_INFORMATION GIVEN_:
==============================

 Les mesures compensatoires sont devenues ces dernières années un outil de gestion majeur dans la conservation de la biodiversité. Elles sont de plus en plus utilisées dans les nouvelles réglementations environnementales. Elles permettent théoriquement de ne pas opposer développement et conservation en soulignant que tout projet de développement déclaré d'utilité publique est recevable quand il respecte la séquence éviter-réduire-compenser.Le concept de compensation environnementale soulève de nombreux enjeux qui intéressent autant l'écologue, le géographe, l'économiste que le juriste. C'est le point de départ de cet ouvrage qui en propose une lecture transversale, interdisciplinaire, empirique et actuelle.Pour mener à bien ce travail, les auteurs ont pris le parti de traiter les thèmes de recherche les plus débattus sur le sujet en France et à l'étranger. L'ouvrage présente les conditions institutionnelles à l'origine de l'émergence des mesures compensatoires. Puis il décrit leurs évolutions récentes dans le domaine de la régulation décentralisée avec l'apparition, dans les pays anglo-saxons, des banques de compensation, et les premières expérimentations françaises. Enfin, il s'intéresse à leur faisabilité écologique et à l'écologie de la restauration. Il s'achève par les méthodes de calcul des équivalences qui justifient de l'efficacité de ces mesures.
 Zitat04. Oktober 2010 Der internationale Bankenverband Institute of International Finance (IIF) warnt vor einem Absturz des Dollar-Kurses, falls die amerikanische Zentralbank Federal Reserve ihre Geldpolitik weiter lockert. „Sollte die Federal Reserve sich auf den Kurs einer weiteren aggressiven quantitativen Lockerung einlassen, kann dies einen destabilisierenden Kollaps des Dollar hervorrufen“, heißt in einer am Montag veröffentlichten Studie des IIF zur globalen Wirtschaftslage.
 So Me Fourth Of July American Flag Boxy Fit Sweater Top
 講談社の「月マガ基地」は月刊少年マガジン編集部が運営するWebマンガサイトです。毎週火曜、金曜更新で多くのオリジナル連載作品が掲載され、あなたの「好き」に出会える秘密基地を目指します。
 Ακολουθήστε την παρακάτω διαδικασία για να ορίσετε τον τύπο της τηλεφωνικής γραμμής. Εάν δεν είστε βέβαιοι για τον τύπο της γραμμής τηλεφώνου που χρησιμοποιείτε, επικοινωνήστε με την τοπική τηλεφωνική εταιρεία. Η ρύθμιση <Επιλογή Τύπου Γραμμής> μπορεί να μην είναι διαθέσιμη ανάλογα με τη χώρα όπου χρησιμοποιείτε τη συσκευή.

==============================

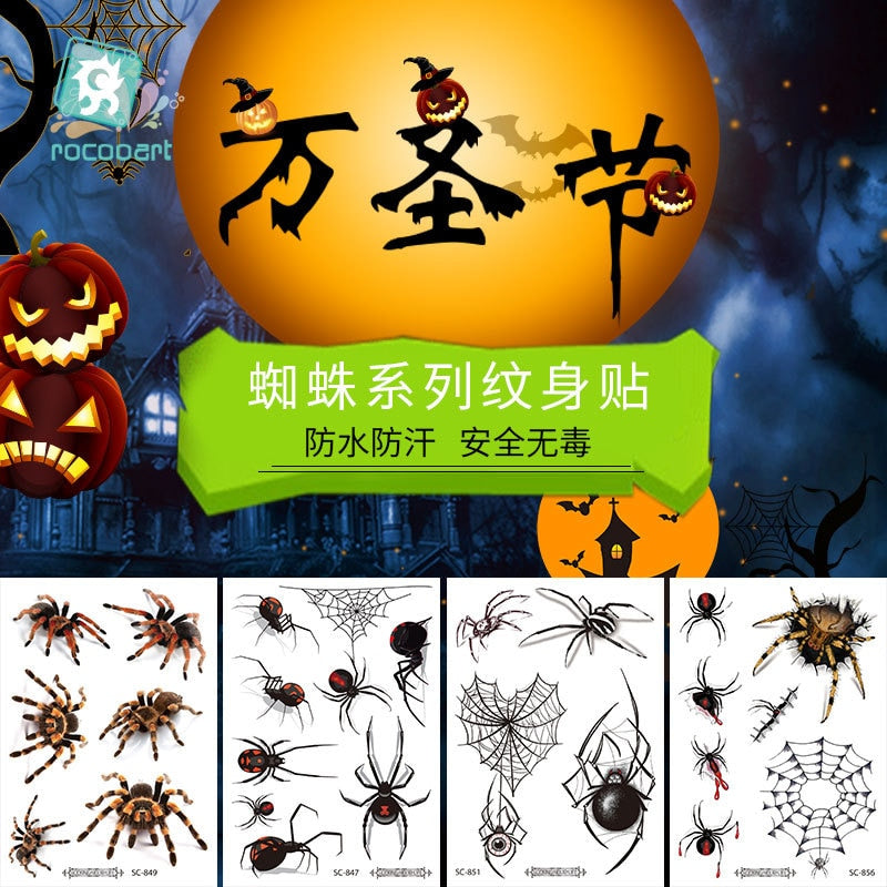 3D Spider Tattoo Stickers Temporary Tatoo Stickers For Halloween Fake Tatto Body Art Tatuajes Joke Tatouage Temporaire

==============================

_INSTRUCTIONS TO FOLLOW_:
Begin at the line above that has "講談社の「月マガ基地」は月刊" and stop after the line that has "Ακολουθήστε την παρακάτω", copying each line exactly and adding nothing else.

_WRITTEN REPLY_:
 講談社の「月マガ基地」は月刊少年マガジン編集部が運営するWebマンガサイトです。毎週火曜、金曜更新で多くのオリジナル連載作品が掲載され、あなたの「好き」に出会える秘密基地を目指します。
 Ακολουθήστε την παρακάτω διαδικασία για να ορίσετε τον τύπο της τηλεφωνικής γραμμής. Εάν δεν είστε βέβαιοι για τον τύπο της γραμμής τηλεφώνου που χρησιμοποιείτε, επικοινωνήστε με την τοπική τηλεφωνική εταιρεία. Η ρύθμιση <Επιλογή Τύπου Γραμμής> μπορεί να μην είναι διαθέσιμη ανάλογα με τη χώρα όπου χρησιμοποιείτε τη συσκευή.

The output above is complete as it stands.